Based on my initial review, I would like to mention two points.

  1.
I understand the reason why do { ... } while (0) structure is used for macro 
definition - to have a single block. On the other hand, we have the following 
code where I believe it is better to move DFP_GET_ROUNDMODE into do-while 
block. The reason is that if the DFP_INIT_ROUNDMODE is used in if statement 
without parenthesis then it can trigger a “dangling else” issue I think.

/* Initialize the rounding mode to round-to-nearest if needed.  */
#define DFP_INIT_ROUNDMODE                     \
  DFP_GET_ROUNDMODE;                           \
  do                                     \
    {                                          \
      if (_frnd_orig != FP_RND_NEAREST)              \
     DFP_SET_ROUNDMODE (FP_RND_NEAREST);       \
    }                                          \
  while (0)

The similar update can also be applied to the variable declaration.
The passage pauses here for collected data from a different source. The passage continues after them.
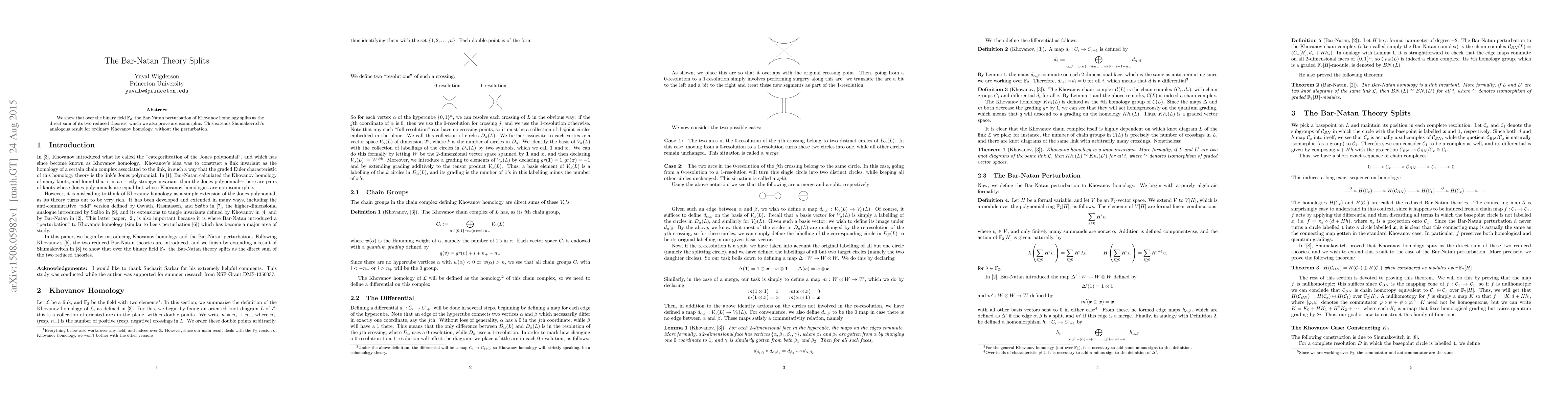 The paper presents a detailed proof of the splitting of Bar-Natan theory into isomorphic reduced theories over $\mathbb F_2$, introducing new homotopies $K_i$ for all $i > 0$ and proving their chain map properties.
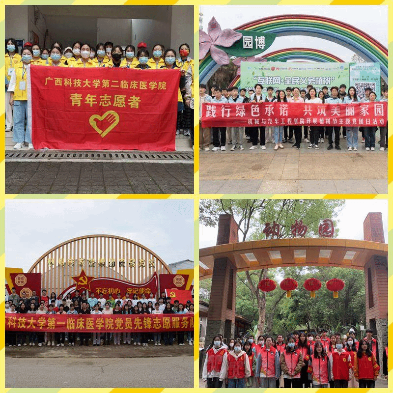 各学院(部)充分发挥党团组织和学生组织的作用及优势,结合学院实际情况,举办形式多样的主题校园文化活动。医学部组织在校学生观看教育片《榜样7》,学习基层工作者数十年如一日的劳动精神,工匠精神。机械与汽车工程学院积极响应柳州广播公益植树活动的倡议开展“践行绿色承诺 共筑美丽家园”植树节主题党团日活动,组织40余名机械汽车师生志愿者在园博园种下一抹春天的青绿。电子学院结合柳州创城工作,组织学院青协前往柳州市园博园、敬老院等,进行卫生打扫,垃圾分类等志愿服务。
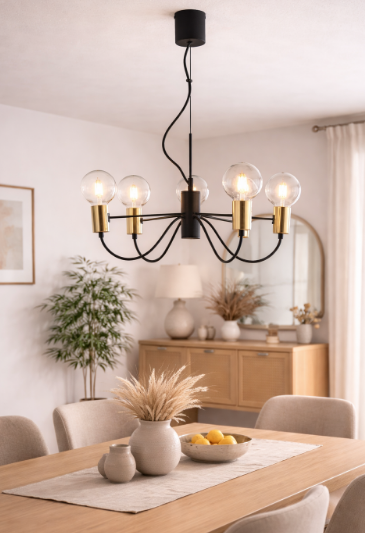 Pět světelných zdrojů E27 je rozmístěno na jemně zakřivených ramenech, což dodává svítidlu vzdušnost a zajímavý vizuální efekt. Svítidlo je ideální například nad jídelní stůl, do obývacího pokoje nebo do moderní kuchyně s jídelním koutem, kde vytvoří příjemné a rovnoměrné osvětlení.
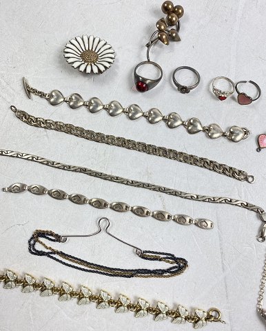 En samling diverse sølvsmykker bestående af: en bismarck armlænke, fire diverse armlænker bl.a. et hjertearmbånd, en Anton Michelsen marguerit broche, en halskæde med vedhæng, en forgyldt sommerfugle armlænke samt et lille hjerte.
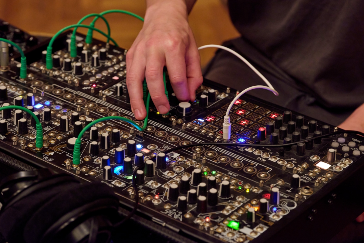 Transducers pull vibrations into corners, across edges, into objects never meant to speak, letting metal plates, drums, and strings respond in unexpected ways. Every take behaves differently, echoes curve, textures shift, collisions create patterns that feel alive without over-explaining themselves. No electronics are needed for the acoustic voices, but the synth adds quiet waves and hums, nudging the instruments toward new forms.
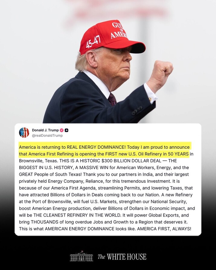 President Donald J. Trump announces that America First Refining is opening the FIRST new U.S. Oil Refinery in 50 YEARS in Brownsville, Texas. 🇺🇸
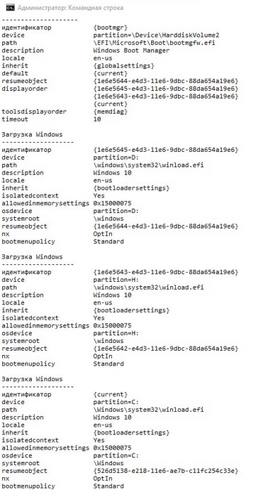Проверяем хранилище загрузки командой bcdedit
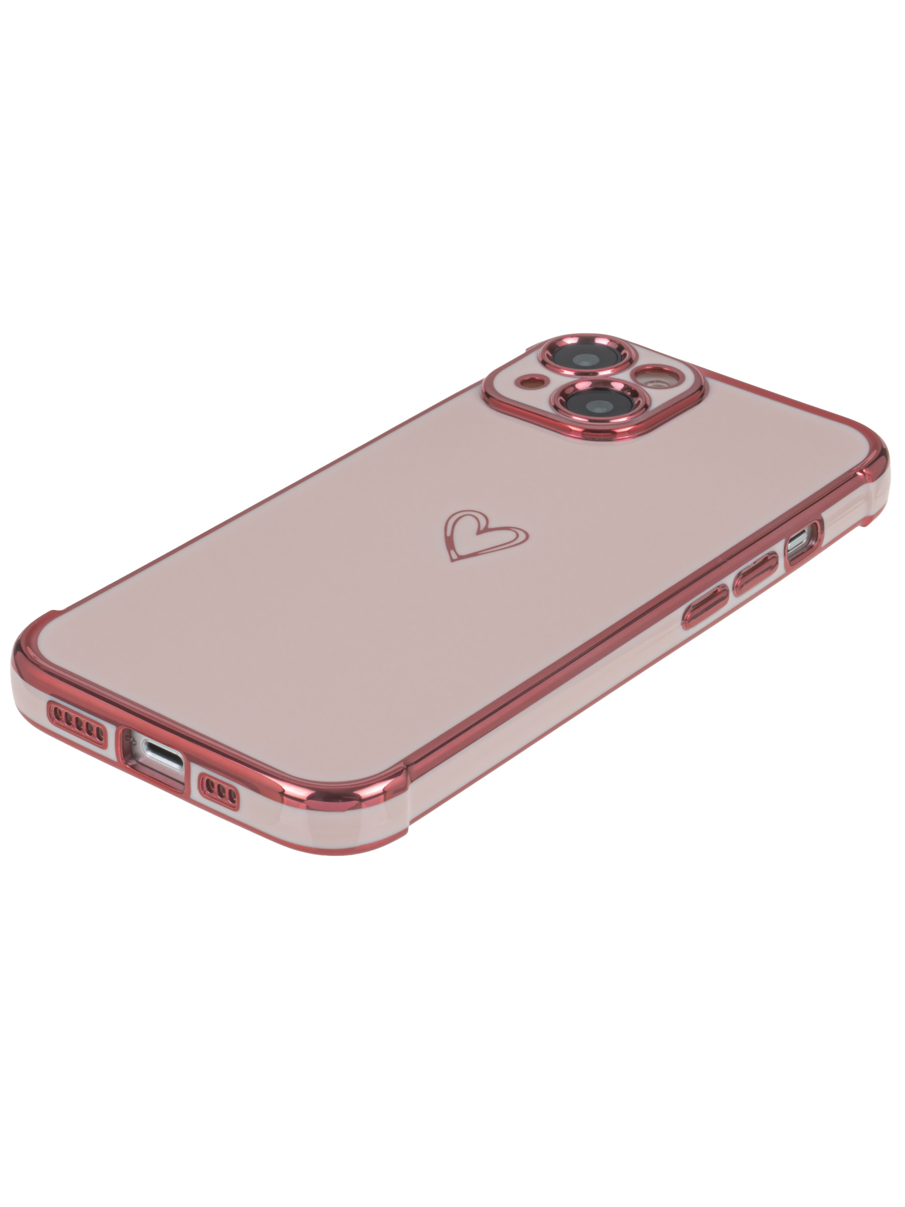 Силиконовый чехол Electroplate hearts для iPhone 14 песочно-розовый
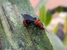 Commonly mistaken for an ant, because of its appearance and its common name, it is a parasitoid wasp species in which the females are wingless, as is true for all females of Mutillidae. It can be recognized by its distinctive red coloring, with a black stripe that goes across the abdomen.[4] They are quick-moving and often take a defensive posture when threatened. Instead of creating nests, the females seek out the brood cells of Eastern cicada killers and horse guard wasps as well as other large ground-nesting members of Crabronidae, where they deposit an egg onto a host larva. The egg quickly hatches into a white, legless grub, which consumes the host and goes through several larval stages prior to pupation. Unlike the females, males have dark, translucent wings and do not possess a sting.[5][2][3] Males fly low over grass in search of mates. Both sexes make a squeaking noise (stridulation) to warn potential predators (another form of aposematism in females, and automimicry in males).[6]
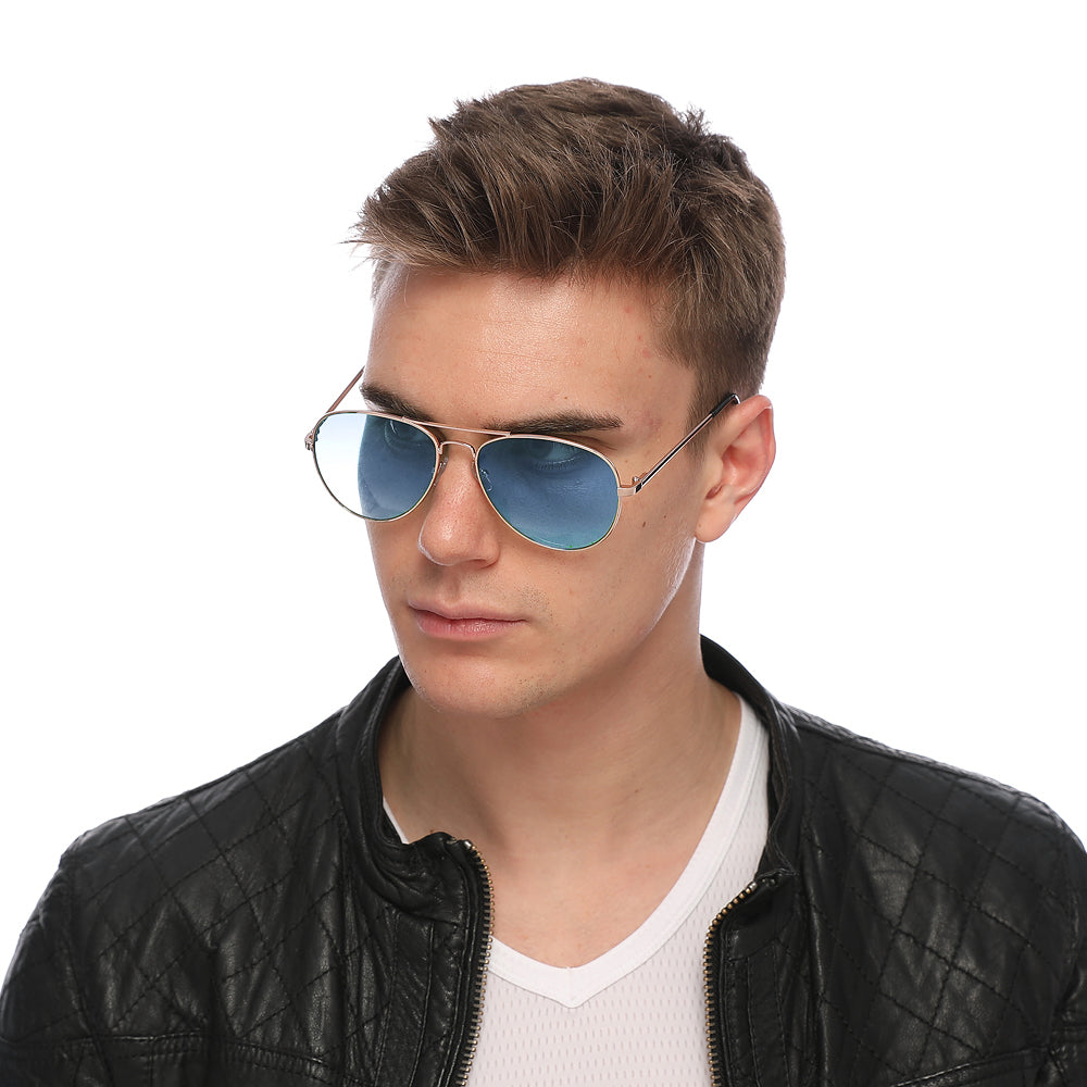 Aviator Sunglasses Classic - Non-Polarized - Gold Frame - Sky Blue
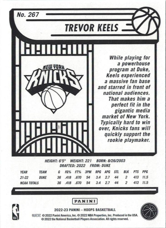 2022 Panini Hoops Trevor Keels RC #267 New York Knicks
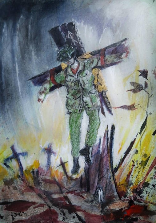 Paratrooper Military Art of Imagination. One of a Kind. My signed original drawing on stiff card, size A4.
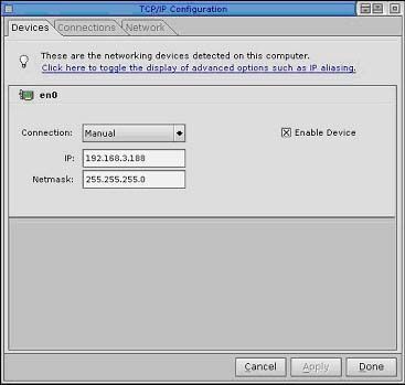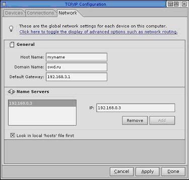 Для нормальной работы необходимо выполнить несколько простых операций. Если ЭВМ подключена к сети, то нам потребуется знать IP-адрес и сетевую маску нашей машины, IP-адреса шлюза и сервера имён. Если Вы системный администратор, то эти сведения Вам известны, в противном случае обратитесь к системному администратору. Заметим, что задать хотя бы имя хоста и его IP-адрес желательно даже для одиночного компьютера, потому что многие программы изначально рассчитаны для работы в сети и работают корректно только при наличии сетевых настроек (характерный пример - QNX IDE).

For 
example, in the following code I think we can move unsigned int _frnd_orig into 
the  do-while block.

/* Get the rounding mode.  */
#define DFP_GET_ROUNDMODE                                  \
  unsigned int _frnd_orig;                                 \
  do                                                 \
    {                                                      \
      __asm__ __volatile__ ("%vstmxcsr\t%0" : "=m" (_frnd_orig));      \
      _frnd_orig &= FP_RND_MASK;                           \
    }                                                      \
  while (0)



  1.
The second point is about having semicolon at the end of while(0). In one case, 
we have semicolon at the end of while(0) but we do not have it for the other 
instances. It might be a good idea to make them same/consistent - assuming that 
would not cause any build issue.

Thanks,
Ahmet

________________________________
From: Akkas, Ahmet <[email protected]>
Sent: Monday, October 6, 2025 2:52 PM
To: H.J. Lu <[email protected]>; Cornea, Marius <[email protected]>
Cc: Hongtao Liu <[email protected]>; GCC Patches <[email protected]>; 
Liu, Hongtao <[email protected]>; Anderson, Cristina S 
<[email protected]>; Akkas, Ahmet <[email protected]>
Subject: Re: PING: [PATCH] libbid: Set rounding mode to round-to-nearest for 
_Decimal128 arithmetic

Hi Hongtao,

>> was reverted since it changed libgcc to use fegetround and fegetround in 
>> libm,
I wasn’t aware that we should avoid using these functions from libm.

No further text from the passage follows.